Size katılıyorum, size hak veriyor, sizi takdirle karşılıyorum.
Haklısınız, eğitim ağırlıklı öğretim yapmıyoruz/yapamıyoruz.
Çünkü bize bunu da yaptırmıyorlar.
Çünkü düzen, eğitilmiş/disipline edilmiş çocuklar değil; sınavlarda soru çözen çocuklar/gençler istiyor.
Yani bize, öğrencilerimize, ‘ne tür davranışsal özellikler kazandırdığımız’ (hiçbir zaman) sorulmuyor.
Ya ne soruluyor?
‘Kaç soru çözdüğü, kaç puan aldığı…’ soruluyor.
Hal böyle olunca da çocuk, okul-dershane-özel öğretmen arasında, pinpon topuna dönüyor. (…)
Yazacak çok şey var Sayın Haboğlu, ancak sizi sıkmak, bunaltmak istemiyorum
Yazmayı sürdürsem, yazdıklarımı sonuna kadar ne siz okursunuz, ne de bu yazdıklarımı köşenize taşırsınız. (…)
Son olarak şunu söylemek istiyorum.
Lütfen bir sabah herhangi bir okula gidip, gözlemleyin. Siz kendiniz, kendi gözünüzle görün. Eğer o okulun öğrencileri sabah ziliyle, düzgün sıralar halinde sınıflarına giriyor; öğle/akşam ziliyle de aynı disiplin içersinde evlerine dönüyorlar ise; o okulda eğitim de vardır, öğretim de. O okul; müdürüyle, öğretmeniyle, öğrencisiyle, velisiyle okul gibi okul olma gayreti içersindedir.
Yok aksi bir görüntü varsa, okul duvarları abuk sabuk yazılarla doldurulmuşsa, öğrencilerin yakası bir yerde, paçası bir yerde ise; o okulda (eğitim, tümden yoktur da) öğretim de yoktur. (…)
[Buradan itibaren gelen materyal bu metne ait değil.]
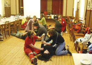 Samme år valgte vi å organisere det lokale helsepersonellet i Bjarkøy kommune i en egen «akuttgruppe» rundt denne utstyrs- og opplæringspakken, med sykepleiere fra pleie- og omsorgstjenesten, legesekretær, helsesøster og kommuneleger. Gruppen gjennomfører intern opplæring og praktiske fellesøvelser to timer hver sjette uke (fig 1). Fra 2006 har også lokalt ambulansepersonell deltatt i øvelsene.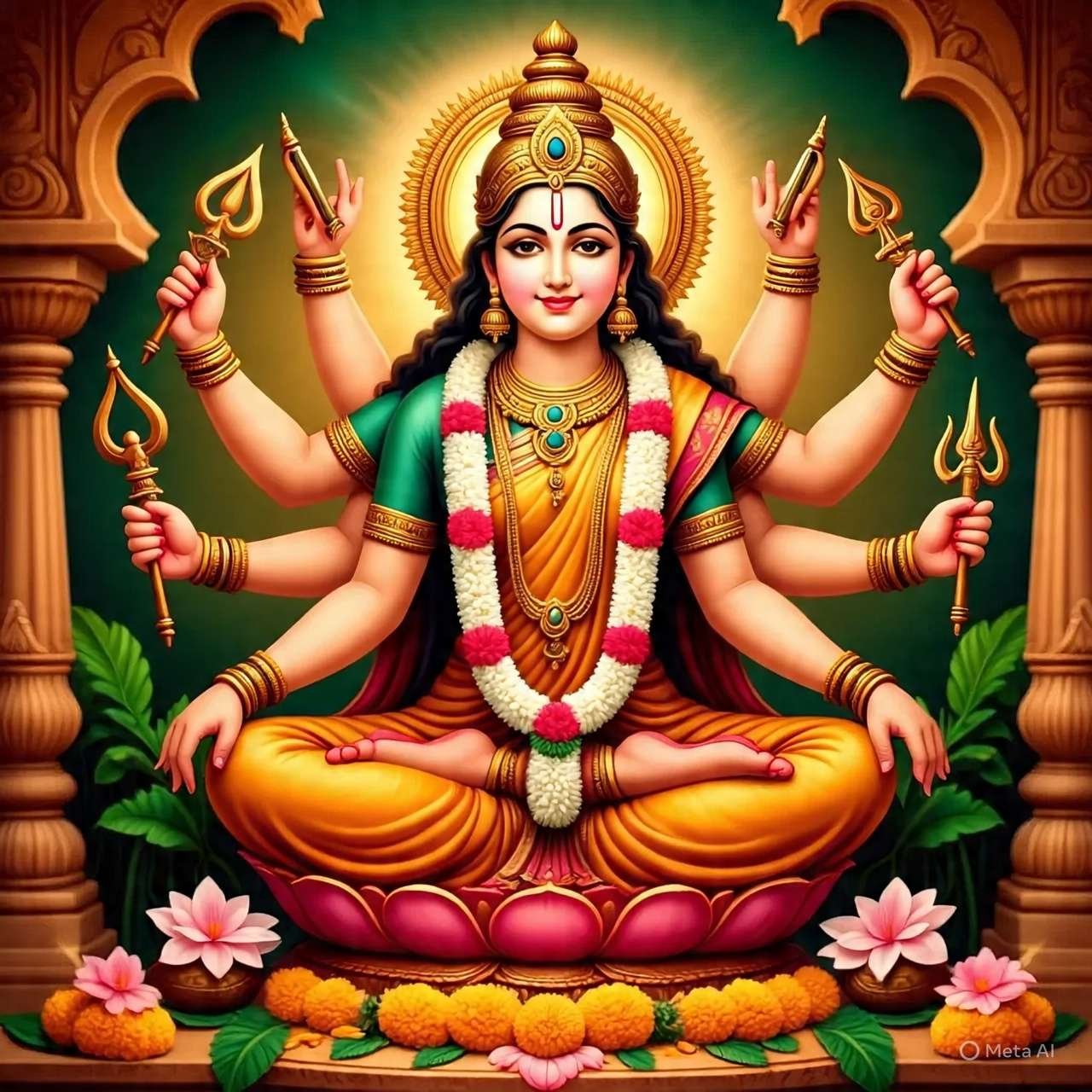 देवी को पीले फूल, खासकर गेंदे के फूल अर्पित किए जाते हैं।

Yazarın Notu; Sevgili öğretmenimin 4 sayfadan oluşan görüş ve düşüncelerini, ancak bu kadar, kısaltıp, özetleyebildim. (Öğretmenim kusura bakmasın, birazını da sansürledim)
Öğretmenim, her bir gerçeği, insanın yüzüne yüzüne “dan… dan…” diye vururcasına söyleyip, yazmış.
Bunca sözün ardından, bize ne demek düşer ki…
Haklısın öğretmenim… Bu devletin, bu toplumun bir bireyi olarak, sizden, devletim adına özür dilerim.